**Work to be completed**: Could you repeat the entries below exactly, but only from the line with "優雅なレースとセーラーカラーが特徴的なブラウス。" through the line with "3、侧重人群溢价:和智能调价的溢价一致即可。一般10%-30%均可。", and without any picture?

**Supplied information**:
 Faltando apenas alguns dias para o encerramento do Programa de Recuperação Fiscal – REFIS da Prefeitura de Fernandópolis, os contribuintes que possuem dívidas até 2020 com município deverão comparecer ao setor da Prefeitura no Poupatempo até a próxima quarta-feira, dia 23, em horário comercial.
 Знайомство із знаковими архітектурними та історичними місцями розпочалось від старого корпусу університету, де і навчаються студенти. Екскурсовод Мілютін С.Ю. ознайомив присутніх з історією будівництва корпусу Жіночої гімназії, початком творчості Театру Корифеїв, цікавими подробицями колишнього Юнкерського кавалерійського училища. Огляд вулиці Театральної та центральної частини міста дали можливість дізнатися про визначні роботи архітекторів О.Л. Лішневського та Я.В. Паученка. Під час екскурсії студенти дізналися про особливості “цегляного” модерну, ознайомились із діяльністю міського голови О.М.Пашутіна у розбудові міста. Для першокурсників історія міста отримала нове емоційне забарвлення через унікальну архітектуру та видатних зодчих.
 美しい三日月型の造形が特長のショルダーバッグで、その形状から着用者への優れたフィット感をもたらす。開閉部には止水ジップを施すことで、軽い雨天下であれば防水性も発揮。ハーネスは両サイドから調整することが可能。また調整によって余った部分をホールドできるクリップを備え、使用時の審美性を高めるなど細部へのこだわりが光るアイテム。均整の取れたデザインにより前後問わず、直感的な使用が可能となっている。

* * *

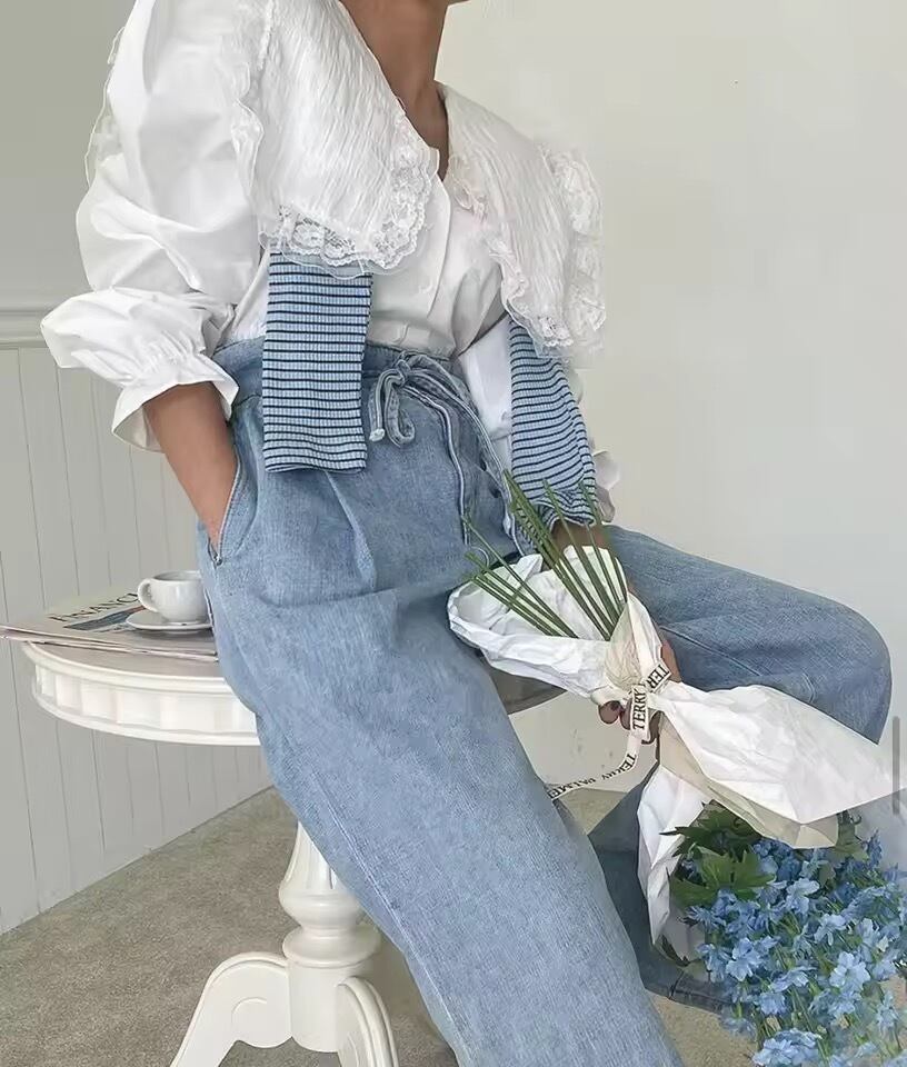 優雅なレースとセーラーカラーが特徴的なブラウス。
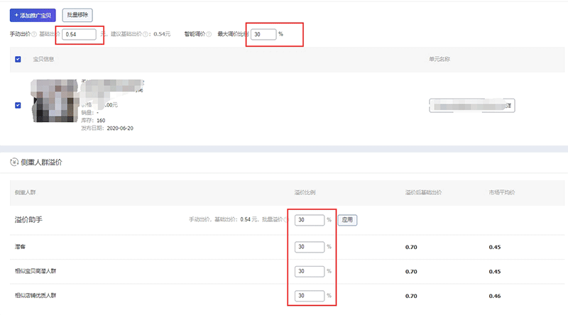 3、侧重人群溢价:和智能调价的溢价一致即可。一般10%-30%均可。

**Result**:
 優雅なレースとセーラーカラーが特徴的なブラウス。
 3、侧重人群溢价:和智能调价的溢价一致即可。一般10%-30%均可。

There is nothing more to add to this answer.